Warning: Logisitic classification is actually called "logistic regression" in the literature, but it is in fact a classification method.
We recommend that after doing this Numerical Tours, you apply it to your own data, for instance using a dataset from LibSVM.

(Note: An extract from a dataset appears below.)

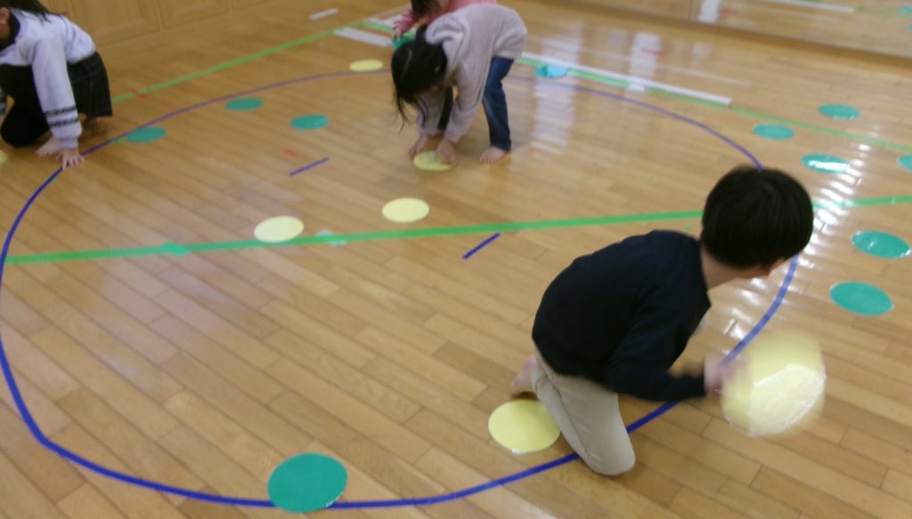 2026年2月13日(金)ひっくり返しゲームを行いました。 今回は緑チームと黄チームに分かれて、チーム対抗戦に挑戦しました。 床に並べたカードを合図と同時に自分のチームの色へひっくり返していきます。 時間いっぱい身体を動 […]

Disclaimer: these machine learning tours are intended to be overly-simplistic implementations and applications of baseline machine learning methods. For more advanced uses and implementations, we recommend to use a state-of-the-art library, the most well known being Scikit-Learn
%matplotlib inline
import numpy as np
import matplotlib.pyplot as plt
%load_ext autoreload
%autoreload 2
We define a few helpers.
def find(x): return np.nonzero(x)[0]
Logistic classification is, with support vector machine (SVM), the baseline method to perform classification. Its main advantage over SVM is that is is a smooth minimization problem, and that it also output class probabity, offering a probabilistic interpretation of the classification.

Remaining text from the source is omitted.